GSE74583 Processing Pipeline

RNA-Seq code_examples 5 steps

Publication

PPAR-δ is repressed in Huntington's disease, is required for normal neuronal function and can be targeted therapeutically.

Nature medicine (2016) — PMID 26642438

Dataset

GSE74583

Next Generation Sequencing Investigation of altered transcripts in presence of dominant-negative transcription factor

Warning: Pipeline descriptions and code snippets may be inferred or AI-generated.

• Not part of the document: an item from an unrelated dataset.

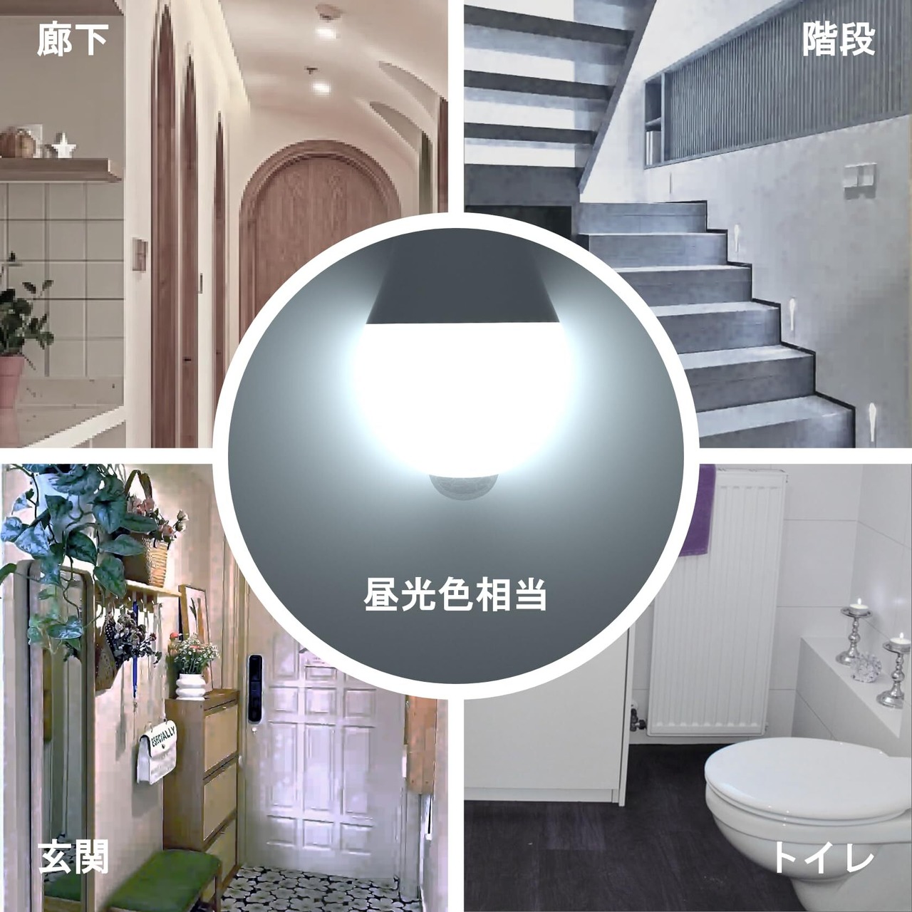 【自動点灯・自動消灯】人感センサー搭載のLED電球。人の動きを検知して自動で点灯します。人の動きがなくなると約120秒後に自動消灯します。消し忘れの手間や夜間の点灯の不便を解消。ご注意:人・動物などが動きを検知し続けると、ライトが点灯し続ける。途中で暗くなってしまう心配がない。

Use them only as a starting point to guide analysis, and validate before use.
  1. 1

    Illumina Casava1.7 software used for basecalling.

    Illumina Casava v1.7
    $ Bash example
    # Illumina Casava 1.7 is a proprietary software suite primarily used for basecalling and demultiplexing on Illumina sequencing platforms.
    # It is typically integrated into the instrument's control software or run on a dedicated Illumina analysis server.
    # There is no publicly available command-line installation or execution for Casava 1.7 in the same way as open-source tools.
    # The process converts raw intensity data (Bcl files) into FASTQ files.
    # Example conceptual representation (not an actual executable command):
    # casava_1.7_basecaller --input_bcl_directory /path/to/run/Data/Intensities/BaseCalls --output_fastq_directory /path/to/output/fastq
  2. 2

    Sequenced reads were trimmed for adaptor sequence, and masked for low-complexity or low-quality sequence, then mapped to mm8 whole genome using bowtie v0.12.2 with parameters -q -p 4 -e 100 -y -a -m 10 --best --strata

    Bowtie v0.12.2 GitHub
    $ Bash example
    # Install Bowtie (if not already installed)
    # conda install -c bioconda bowtie=0.12.2
    
    # Assuming 'reads.fastq' is the input file after trimming and masking.
    # Replace /path/to/bowtie_indexes/mm8 with the actual path to your Bowtie index for mm8.
    # Replace reads.fastq with your actual input reads file.
    # Replace output.sam with your desired output SAM file name.
    
    bowtie -q -p 4 -e 100 -y -a -m 10 --best --strata /path/to/bowtie_indexes/mm8 reads.fastq > output.sam
  3. 3

    Reads Per Kilobase of exon per Megabase of library size (RPKM) were calculated using a protocol from Chepelev et al., Nucleic Acids Research, 2009.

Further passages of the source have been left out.